EXERCISE REQUIREMENTS: Starting with the line below that holds "You are purchasing" and stopping after the line that holds "½º¸¶Æ®ÆÑÅ丮·Î °¢±¤ ¹Þ°í", transcribe the lines exactly, leaving out all pictures.

Top of DATA

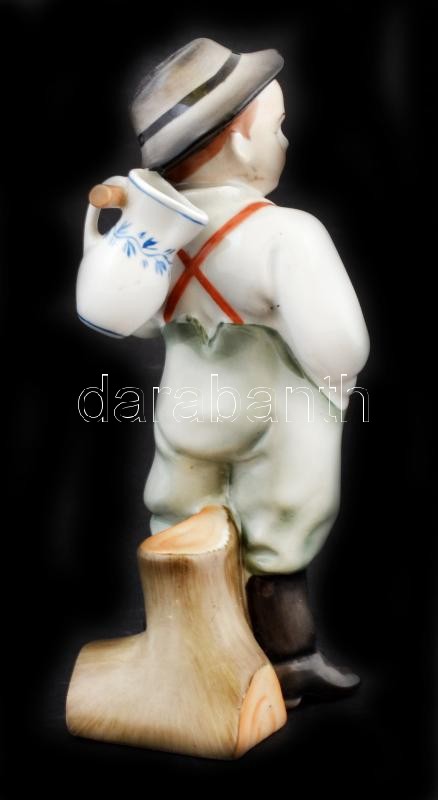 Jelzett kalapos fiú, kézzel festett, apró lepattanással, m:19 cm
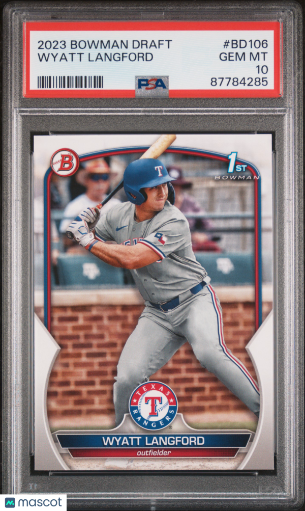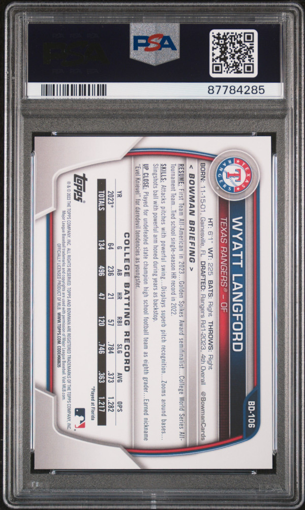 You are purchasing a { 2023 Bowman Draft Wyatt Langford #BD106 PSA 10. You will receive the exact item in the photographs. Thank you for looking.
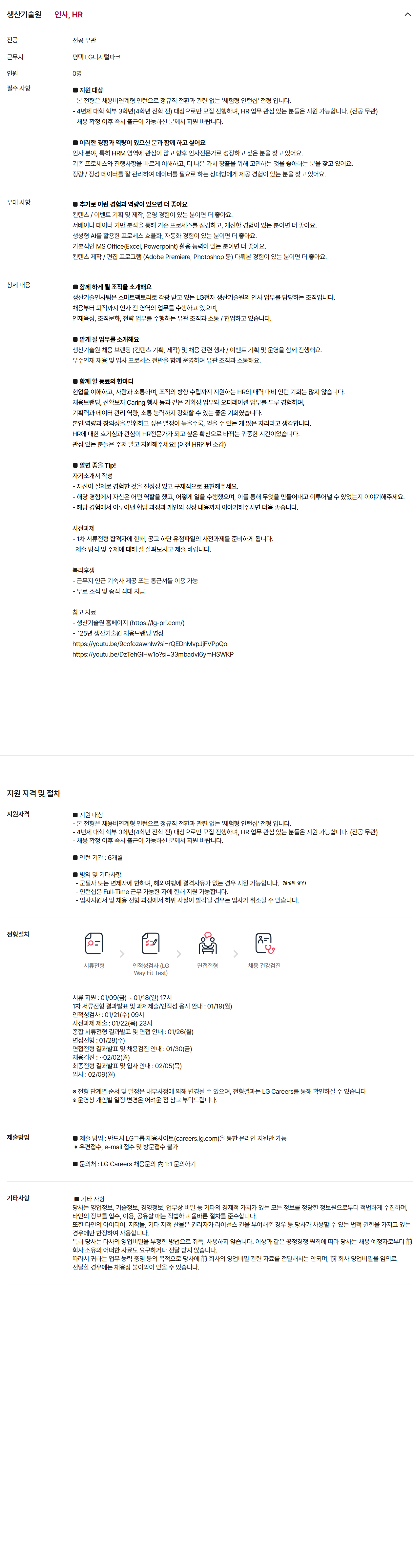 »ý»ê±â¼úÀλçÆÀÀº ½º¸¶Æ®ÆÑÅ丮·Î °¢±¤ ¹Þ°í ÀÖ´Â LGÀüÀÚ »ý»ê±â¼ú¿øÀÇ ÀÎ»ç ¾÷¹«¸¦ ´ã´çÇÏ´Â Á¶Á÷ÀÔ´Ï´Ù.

Bottom of DATA
Top of DATA

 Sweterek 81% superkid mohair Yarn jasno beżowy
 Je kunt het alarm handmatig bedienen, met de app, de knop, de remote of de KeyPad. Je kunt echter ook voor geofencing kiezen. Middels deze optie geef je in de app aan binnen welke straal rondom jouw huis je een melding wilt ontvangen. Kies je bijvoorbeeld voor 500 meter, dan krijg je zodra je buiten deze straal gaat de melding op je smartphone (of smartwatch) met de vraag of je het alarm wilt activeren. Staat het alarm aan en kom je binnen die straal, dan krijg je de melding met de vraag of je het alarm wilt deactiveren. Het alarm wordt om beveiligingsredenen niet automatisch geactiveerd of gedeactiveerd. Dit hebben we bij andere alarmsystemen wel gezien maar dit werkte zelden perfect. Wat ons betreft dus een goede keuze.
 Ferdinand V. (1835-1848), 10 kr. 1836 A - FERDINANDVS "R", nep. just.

Bottom of DATA

WRITTEN SOLUTION:
 You are purchasing a { 2023 Bowman Draft Wyatt Langford #BD106 PSA 10. You will receive the exact item in the photographs. Thank you for looking.
 »ý»ê±â¼úÀλçÆÀÀº ½º¸¶Æ®ÆÑÅ丮·Î °¢±¤ ¹Þ°í ÀÖ´Â LGÀüÀÚ »ý»ê±â¼ú¿øÀÇ ÀÎ»ç ¾÷¹«¸¦ ´ã´çÇÏ´Â Á¶Á÷ÀÔ´Ï´Ù.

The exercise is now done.